CapStone - NLP App

Dawid J. Duvenhage
November 11th, 2017

Background

“NLP” based on “Stupid Backoff Prediction” [1].

Publicly available blog, twitter, & news data used.

Project information available from Coursera web site.

“SwiftKey.zip” available from the link under References.

There are three raw data files [2]:

en_US.blogs.txt

en_US.news.txt

en_US.twitter.txt

Text Predictive Model Algorithm

Prediction Algorithm

Stupid Backoff Prediction Methodology (SBPM):

1. Input text word or phrase truncate to four words.

2. Possible matches determined using “SBPM”.

3. Attempt to match input in pentagram, backing off to tetra-, tri-, and bigrams as required.

4. If not found in bigram return the top 10 most frequently used unigram words.

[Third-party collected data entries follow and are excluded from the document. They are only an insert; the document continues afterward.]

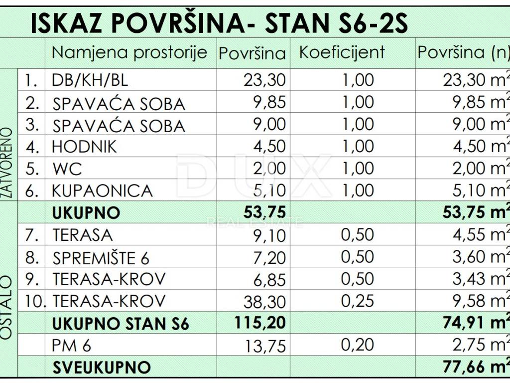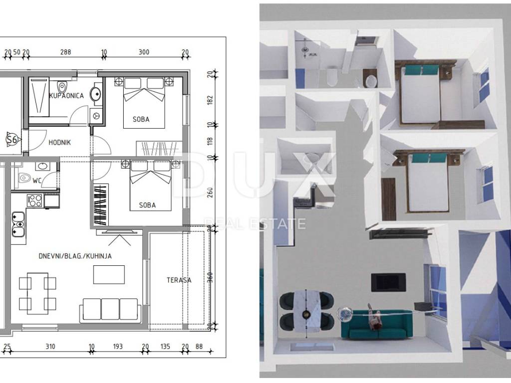 For sale are top-quality apartments in a new building located in a quiet and picturesque place of Ražanac, ideal for living, vacation or investment. The building has a total of six modernly designed apartments, each with its own storage room in the basement and its own parking space. They are only 320 meters away from the pebble beach with a view of Velebit. The building is equipped with an elevator, and all apartments have underfloor heating throughout, which guarantees a pleasant temperature throughout the year. Each unit also has built-in air conditioning in all rooms, which further contributes to comfort. Apartment S6 on the second floor offers the perfect combination of functionality and comfort it consists of two bedrooms, a modern bathroom, an additional toilet, a spacious living room with a kitchen and dining room, a covered terrace and an additional roof terrace with a beautiful view of the sea. The planned completion is by the end of 2025. Ražanac is a charming Dalmatian town that combines peace, nature and traditional Mediterranean spirit. Its beaches are known for their exceptional cleanliness and spectacular views of the mighty Velebit, creating breathtaking scenes. It is ideal for anyone looking for an escape from the hustle and bustle of everyday life and want to enjoy an authentic coastal ambiance. For more information or a viewing, please feel free to contact us - the apartments are ready to move in, and this opportunity rarely comes along.
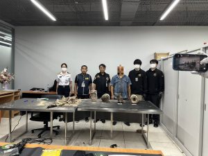 คณะเจ้าหน้าที่พบของกลางได้แก่ นอแรดจำนวน 5 ชิ้น (แบ่งเป็น 4 ท่อน) น้ำหนักรวมสิ่งห่อหุ้ม 12.77 กิโลกรัม ผู้ต้องหาใช้วิธีการนำนอแรดห่อหุ้มด้วยเปลือกไม้และหล่อทับด้วยวัสดุคล้ายเรซิ่นเพื่อตบตาเจ้าหน้าที่ ซุกซ่อนมาในกระเป๋าเดินทางทรงแข็งจำนวน 2 ใบ
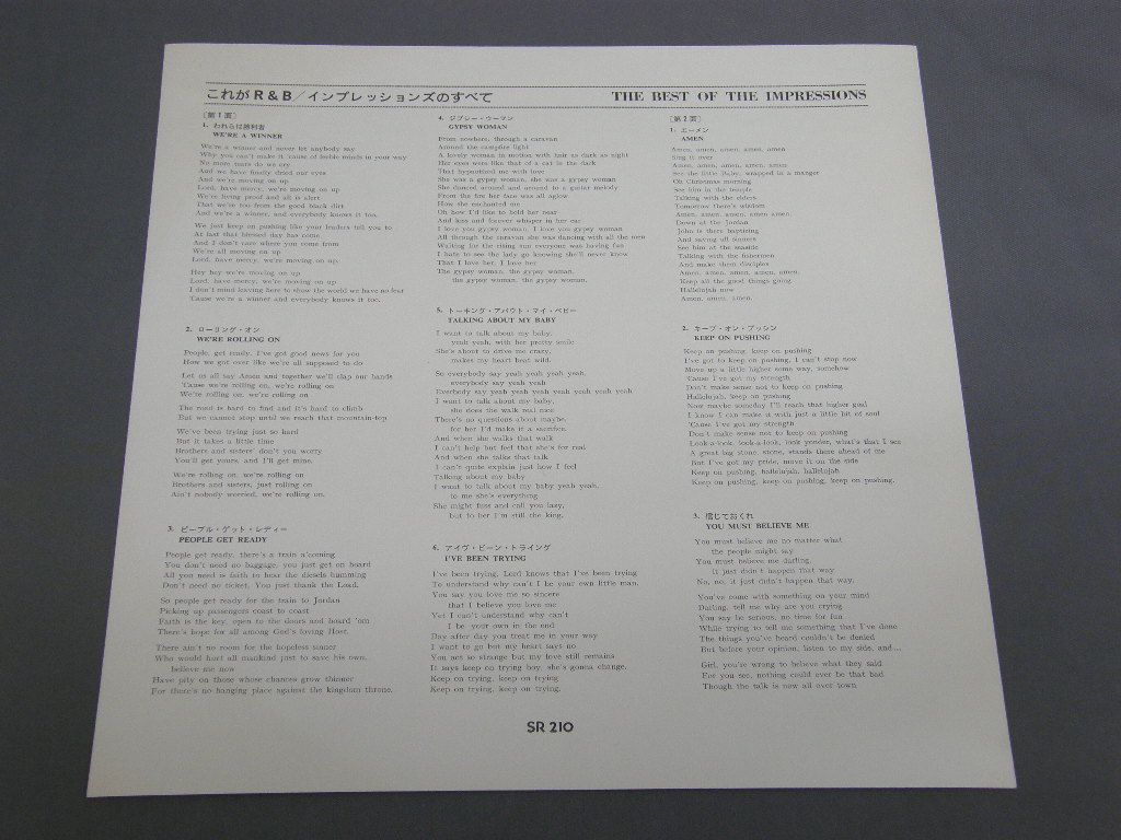 IMPRESSIONS/BEST OF THE IMPRESSIONSペラジャケ SR210 製造国:日本盤 / Media:LP外観:EX+盤の状態:EX+ 価格(税込):¥2,860(売約済) 送料 7inch:定形外郵便 360円~LP:定形外郵便 660円~送料は、注文の最終画面で確認頂けます。 > > IMPRESSIONS/BEST OF THE IMPRESSIONS 外観 (EX+)特記事項:全体的にあまりスレやスリキズ無くきれいな状態。歌詞カード付。外観EX+の共通説明:中古としては美品、一見してきれいでダメージが軽微。シミ、ヨゴレ、スレ有っても僅か~少し。 盤の状態 (EX+)特記事項:極薄のスリキズ数本程度。一見して素晴らしい状態です。盤EX+の共通説明:盤面の極薄いスリキズ、スレ少し程度 音に出そうなものは無いように見える(極軽微なソフトティック音は除く)。 その他:白見本盤 Tweet それぞれの画像をクリックすると、大きい写真が見られます こちらの商品もお勧めです 1,320円 SMOKEY ROBINSONスモーキー・ロビンソン / BEING WITH YOUビーイング・ウィズ・ユー 1,210円 TAVARESタバレス / NEW DIRECTIONS二人だけのバラード 1,210円 SMOKEY ROBINSONスモーキー・ロビンソン / BLAME IT ON LOVE & ALL THE GREAT HITSブレイム・イット・オン・ラブ 1,210円 EARTH. WIND & FIREアース・ウインド&ファイアー / ELECTRIC UNIVERSEエレクトリック・ユニヴァース 660円 DIANA ROSS / LADY SINGS THE BLUES 770円 PHILIP BAILEYフィリップ・ベイリー / WONDERS OF HIS LOVEワンダーズ・オブ・ヒズ ・ラブ 1,210円 TEMPTATIONSテンプテーションズ / SURFACE THRILLSサーフィス・スリル 1,210円 OTIS REDDINGオーティス・レディング / RECORDED LIVEビッグ・オー 未発表ライブ

Shiny App - NLP Prediction Model

App Screenshot:

alt text

Application available at: https://rforreal.shinyapps.io/shiny_app/

Conclusion

1. Model shows acceptable predictive capability, but not great.

2. Good one and two word phrase predictions (found in top 5).

3. Three, and larger word phrases, predicts with poor accuracy.

4. Positively, the model response is quick.

5. Model consistently “backs off” through ngrams.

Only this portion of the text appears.